What to work on - Each line of the listing must be transcribed exactly, except for the images, which should be excluded.

Stored data -
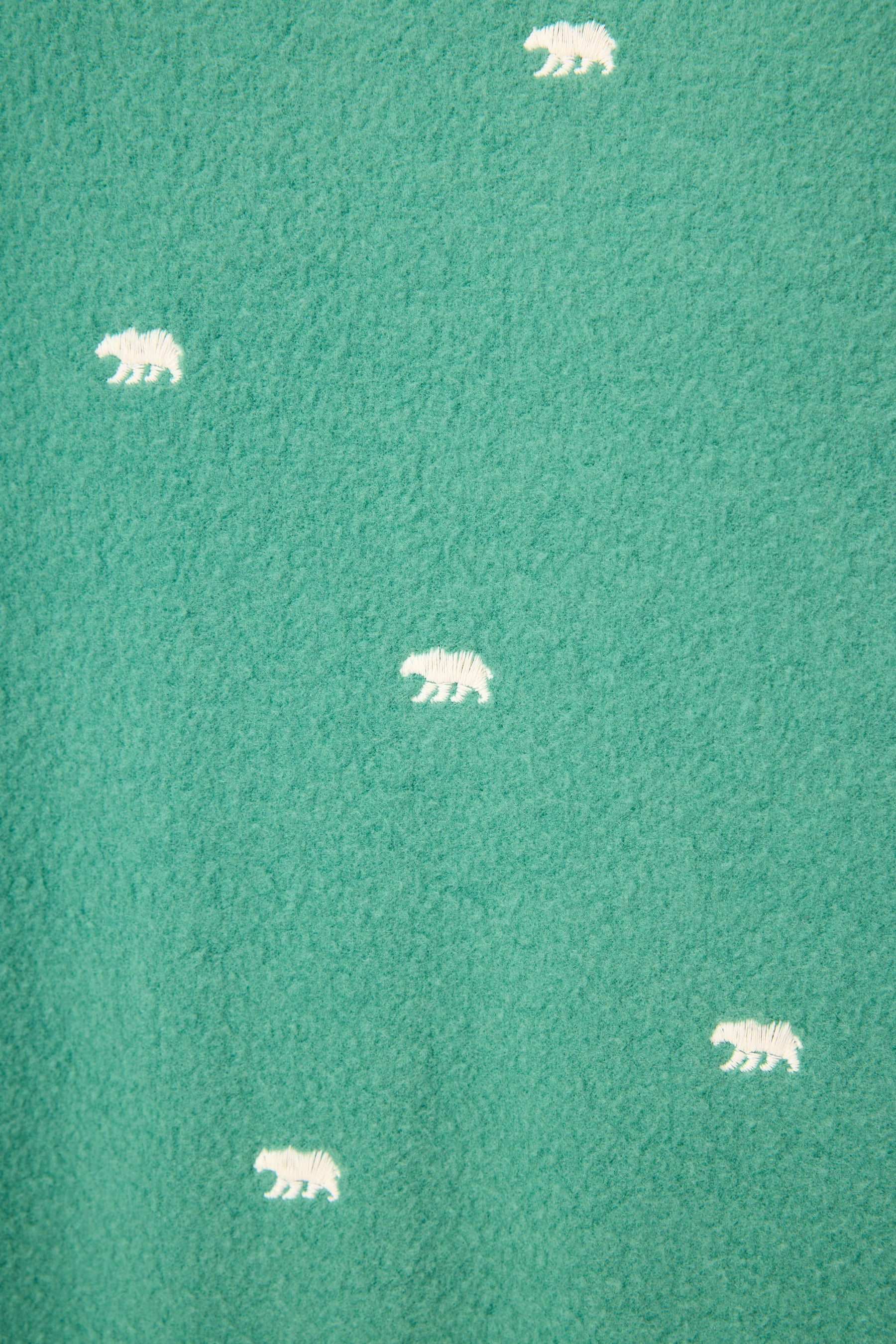 Details: The “Outsider” embroidered bear PJ set is 50% Polyester 38% Cotton 12% Rayon - Lofty Vintage Fleece.
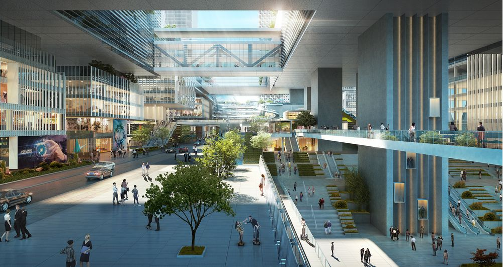 地表層連接城市交通,匯聚人流。在本項(xiàng)目中,它集合了交通樞紐、辦公空間和實(shí)驗(yàn)室、商業(yè)街以及會(huì)議中心等多種功能。平臺(tái)位于地表層上方30米的高度,既可保證最大化的采光,又為下方空間提供了一個(gè)舒適遮雨的環(huán)境。
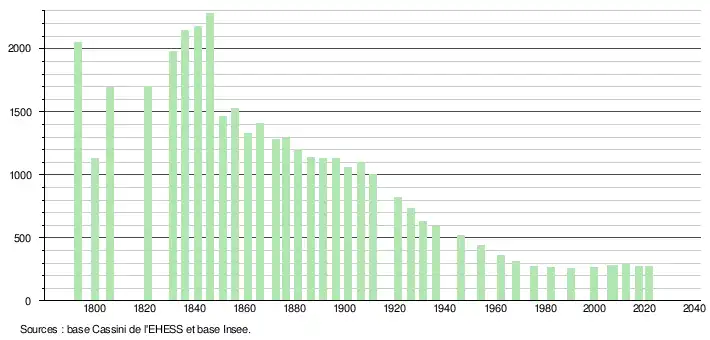 L'évolution du nombre d'habitants est connue à travers les recensements de la population effectués dans la commune depuis 1793. Pour les communes de moins de 10 000 habitants, une enquête de recensement portant sur toute la population est réalisée tous les cinq ans, les populations légales des années intermédiaires étant quant à elles estimées par interpolation ou extrapolation[19]. Pour la commune, le premier recensement exhaustif entrant dans le cadre du nouveau dispositif a été réalisé en 2007[20].

Written solution -
 Details: The “Outsider” embroidered bear PJ set is 50% Polyester 38% Cotton 12% Rayon - Lofty Vintage Fleece.
 地表層連接城市交通,匯聚人流。在本項(xiàng)目中,它集合了交通樞紐、辦公空間和實(shí)驗(yàn)室、商業(yè)街以及會(huì)議中心等多種功能。平臺(tái)位于地表層上方30米的高度,既可保證最大化的采光,又為下方空間提供了一個(gè)舒適遮雨的環(huán)境。
 L'évolution du nombre d'habitants est connue à travers les recensements de la population effectués dans la commune depuis 1793. Pour les communes de moins de 10 000 habitants, une enquête de recensement portant sur toute la population est réalisée tous les cinq ans, les populations légales des années intermédiaires étant quant à elles estimées par interpolation ou extrapolation[19]. Pour la commune, le premier recensement exhaustif entrant dans le cadre du nouveau dispositif a été réalisé en 2007[20].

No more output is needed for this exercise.